I left Sol y Luna early on Day 4 of my trip with great anticipation as I headed to the Ollantaytambo train station for my journey to Machu Picchu. My train was called the Vista Dome because it had great overhead windows I could look out to see cloud-wreathed Andean peaks as we traveled toward Aguas Calientes, the town at the base of Machu Picchu. After securing my luggage at my hotel, Inkaterra, a maze of plantings, charming casitas and understated elegance, I boarded a bus to Machu Picchu and was finally on my way to this mysterious Incan temple or fortress or mansion--no one really knows what--to experience it for myself.

And experience it I did.
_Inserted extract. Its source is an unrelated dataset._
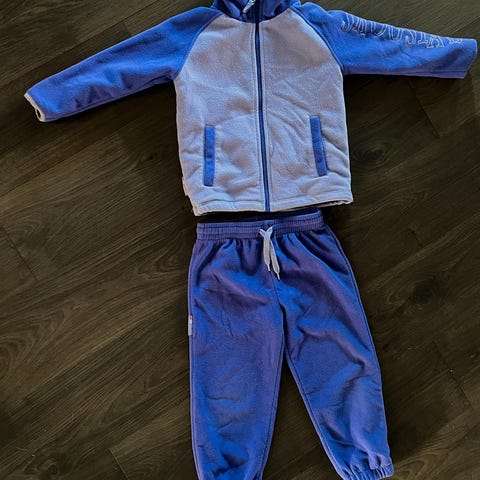 Sett i fleece fra Skogstad selges. Litt tykkere fleece. Litt flekker på ermene etter maling, se bilde. Ellers er det lite brukt.
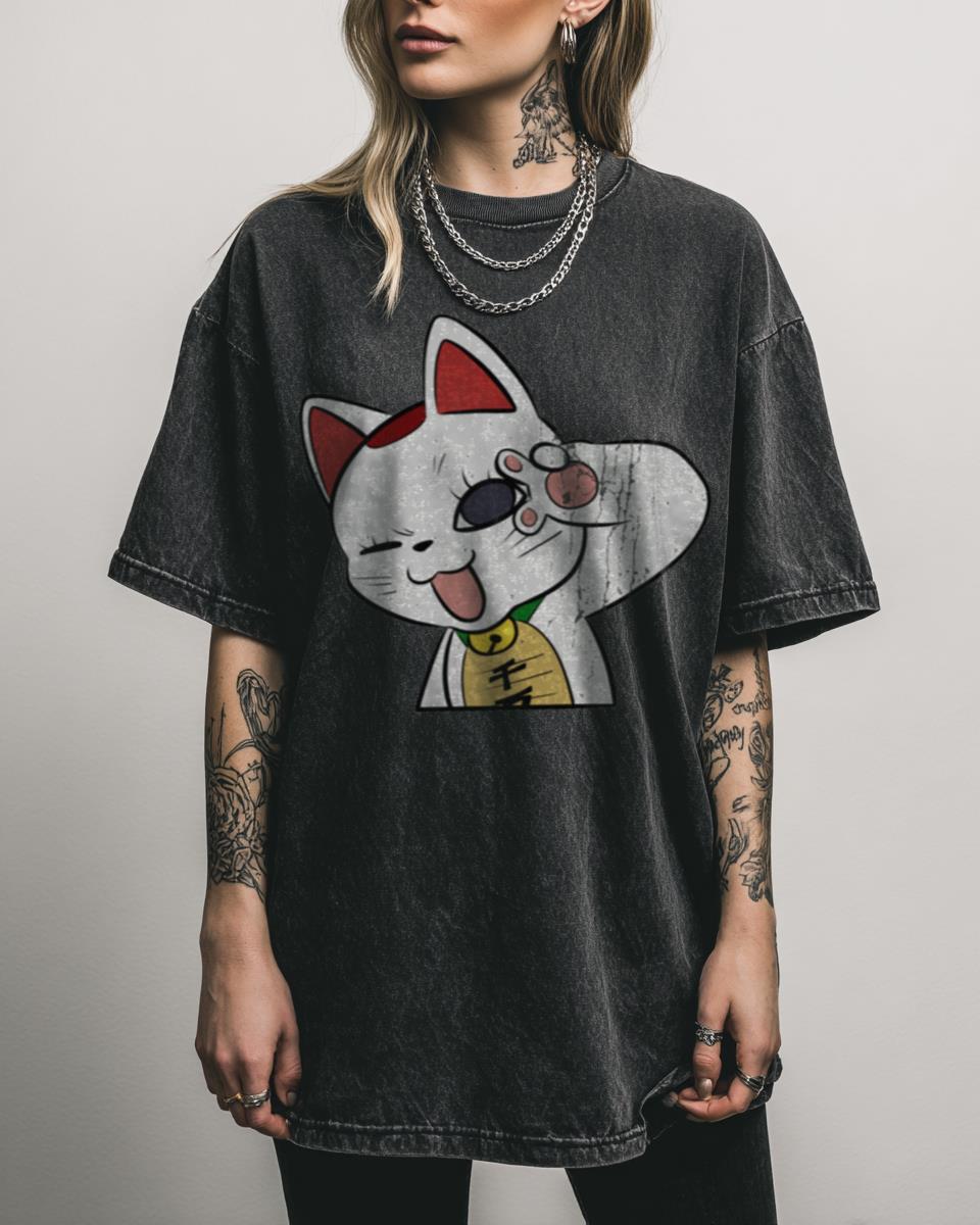 Ready for some supernatural antics with the legendary Turbo Granny from Dandadan? Join the bizarre adventures with this ‘Turbo Granny’ t-shirt, inspired by the hit anime and manga series Dandadan. This design features the iconic character, possibly in her cat form or with feline elements, perfect for fans of Okarun, Momo Ayase, and the unique…

The placement high in the clouds, the architecture of carved stone against stone the building of which must have been a herculean task, the thousands of stairs from level to level, and the hush that falls over every visitor as they stand up near the Gate of the Sun and look down on Machu Picchu as every Inca from this place must have before them, is an experience not to be missed. It's hard to say in words how extraordinary Machu Picchu truly is.

The following day I had a choice between going back to Machu Picchu, as some might, to climb Wayna Picchu, or to stay at Inkaterra and experience what this amazing lodge has to offer. I decided to take a tour of the orchids and plantings that surround this Condé Nast winning property, Inkaterra, and I wasn't disappointed as hummingbirds, butterflies and exquisite flora were my reward. Later that afternoon I took the train back to Cusco where I finally had the opportunity to explore this fascinating town. My day and a half in Cusco was filled with shopping, dining, people watching, museums, churches, talking with local people and general delight. Cusco is wonderful place to end this journey into a different way of life and a seemingly different time.

If you asked me what I liked best about my Peru trip, I'd have to say how excited I was to discover that the ancient relationship between the earth and the people working the land lives on in Peru so we can get a sense of how rewarding that relationship can be. I'd have to say that my favorite thing about Peru is knowing that there is still a place where growing things and living together in community has produced a magnificently rich culture including an extraordinary feat of architecture known as Machu Picchu. After this trip, I firmly believe that Machu Picchu should be on every single traveler's "bucket list".